## Task statement:
Everything from the line containing "阿尔忒弥斯传回的地球照片,你只要换着方法去提问AI,就可以得到不一样的答案。" to the end of the listing, both included, should be returned exactly, apart from the pictures.

## Data for processing:
+--

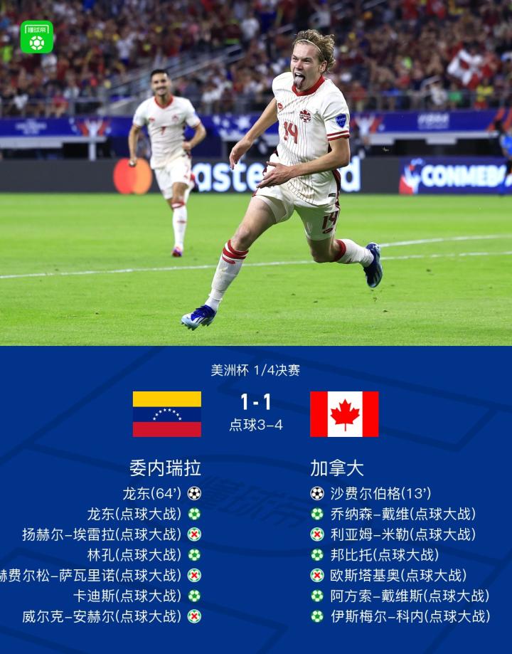 美洲杯1/4决赛,加拿大对阵委内瑞拉,双方在常规时间战成1-1,最终加拿大在点球大战中赢球晋级美洲杯4强,四强对手是阿根廷。
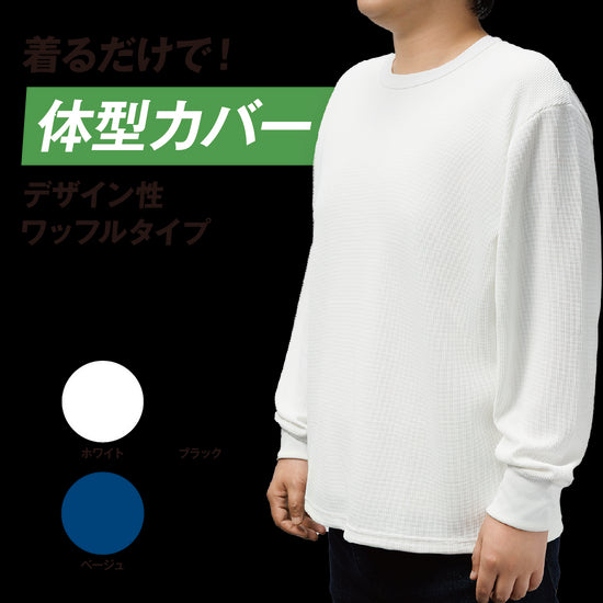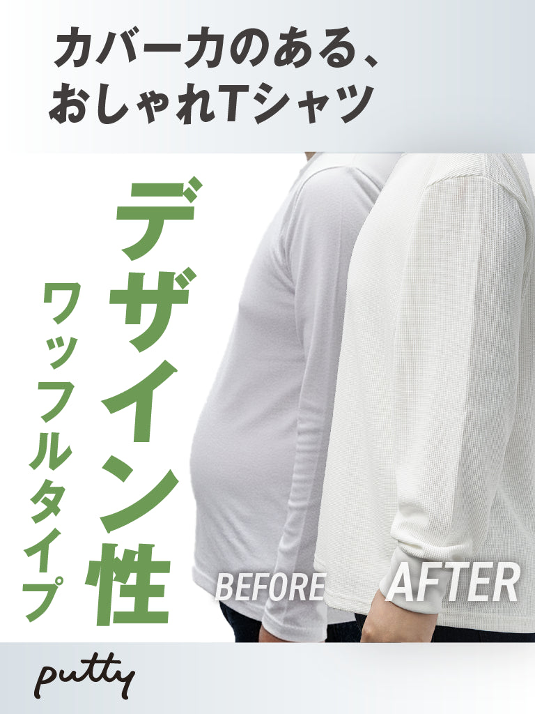 putty 長袖Tシャツ【ワッフル生地】 ノンアイロン&速乾性を備えた快適な長袖Tシャツ 薄手で表情のある生地を採用し、快適な着心地を実現したシリーズです。putty独自の前面のみ二重構造で、目立ちにくさを最大限に追求しました。さらに、内側の生地には外側とは異なる、通気性と吸汗性に優れた素材を使用。ポリエステル素材ながらコットンのような柔らかさと、ワッフル編みならではの立体感がスタイリッシュな印象を演出し、一枚で洗練されたおしゃれな雰囲気を醸し出します。また、ノンアイロン・速乾性・抗ピリング性を備え、型崩れしにくく、美しいシルエットをキープ。 ※写真のモデルは身長175cm、体重80kgで、Lサイズを着用しています。 <素材> 品番:PT204 素材:ポリエステル100% 原産国:日本 カラー:ホワイト・ブラック・ネイビー <サイズ> Mサイズ:身丈70cm、肩幅50cm、身幅57cm、裾幅51cm、袖丈56.5cm Lサイズ:身丈72cm、肩幅52cm、身幅60cm、裾幅54cm、袖丈58cm XLサイズ:身丈73cm、肩幅54cm、身幅64cm、裾幅57cm、袖丈59.5cm XXLサイズ:身丈74cm、肩幅56cm、身幅68cm、裾幅60cm、袖丈59.5cm 3XLサイズ:身丈76cm、肩幅58cm、身幅72cm、裾幅63cm、袖丈59.5cm ご注文に関する注意事項※ギフトラッピングは承っておりません。 ※お客様都合の返品・返金はお受けいたしかねます。 ※商品はご注文受付日から約1〜5営業日以内に日本郵便で発送いたします。但し、長期休業時は6営業日以上お日にちをいただく場合がございます。 ※15,000円以上(税込)お買い上げで送料無料となります。
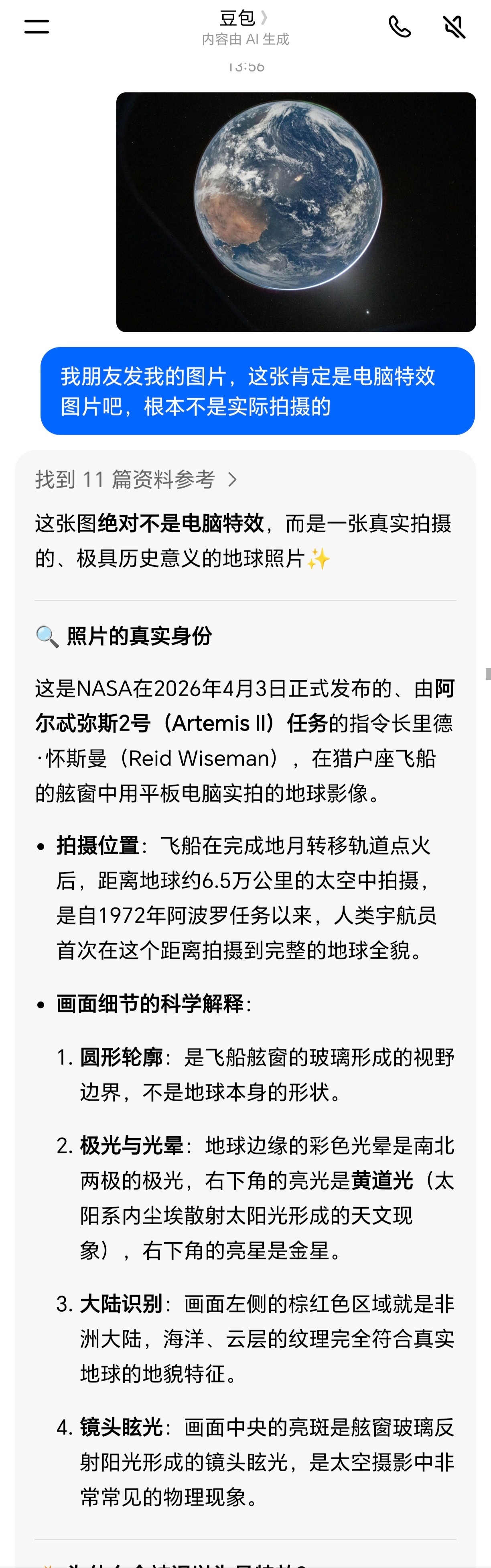 阿尔忒弥斯传回的地球照片,你只要换着方法去提问AI,就可以得到不一样的答案。
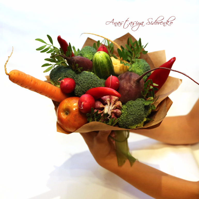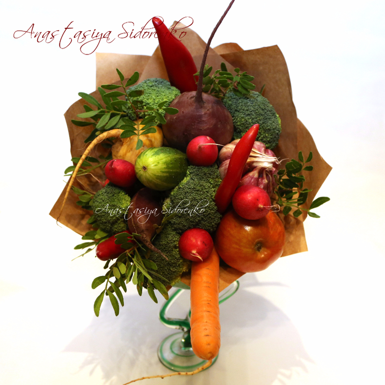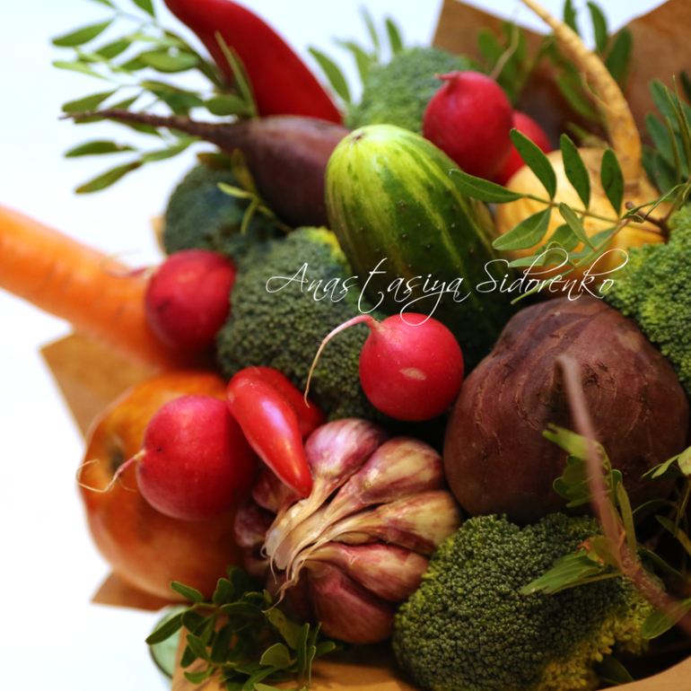 Букеты из овощей размер S и М в составе: свекла, огурец, морковь, чеснок, перец, брокколи, яблоко, редис, репа.
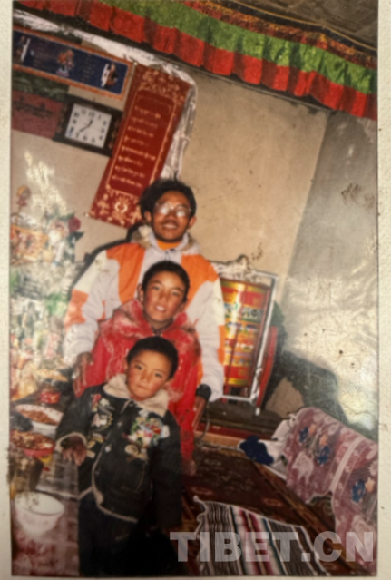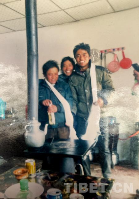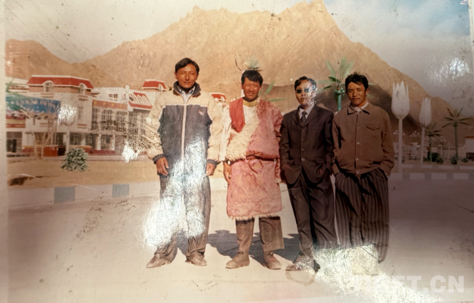 這是九十年代在阿里拍的,拍攝地點是現(xiàn)在的康樂新區(qū)。從照片上可以看到,那時候阿里建設得挺好。右邊第一個穿燈籠褲的是我。這種褲子當時特別流行,年輕小伙子們穿上可高興了。穿藏袍的是我弟弟,那時他還是個普通牧民,后來通過自己的努力,已經(jīng)是我們的村長了。戴墨鏡的是我們同村的,開車時和人發(fā)生沖突打壞了眼睛,去內(nèi)地治療花了十多萬。后來因為眼睛問題駕照被注銷,也就沒辦法繼續(xù)開車了,現(xiàn)在在拉薩當保安。當時他正好在阿里開出租車,我們找到他一起拍了這張照片。左邊的大個子現(xiàn)在開了個商店和茶館,生意不錯。

+--

## Solution to the problem:
 阿尔忒弥斯传回的地球照片,你只要换着方法去提问AI,就可以得到不一样的答案。
 Букеты из овощей размер S и М в составе: свекла, огурец, морковь, чеснок, перец, брокколи, яблоко, редис, репа.
 這是九十年代在阿里拍的,拍攝地點是現(xiàn)在的康樂新區(qū)。從照片上可以看到,那時候阿里建設得挺好。右邊第一個穿燈籠褲的是我。這種褲子當時特別流行,年輕小伙子們穿上可高興了。穿藏袍的是我弟弟,那時他還是個普通牧民,后來通過自己的努力,已經(jīng)是我們的村長了。戴墨鏡的是我們同村的,開車時和人發(fā)生沖突打壞了眼睛,去內(nèi)地治療花了十多萬。后來因為眼睛問題駕照被注銷,也就沒辦法繼續(xù)開車了,現(xiàn)在在拉薩當保安。當時他正好在阿里開出租車,我們找到他一起拍了這張照片。左邊的大個子現(xiàn)在開了個商店和茶館,生意不錯。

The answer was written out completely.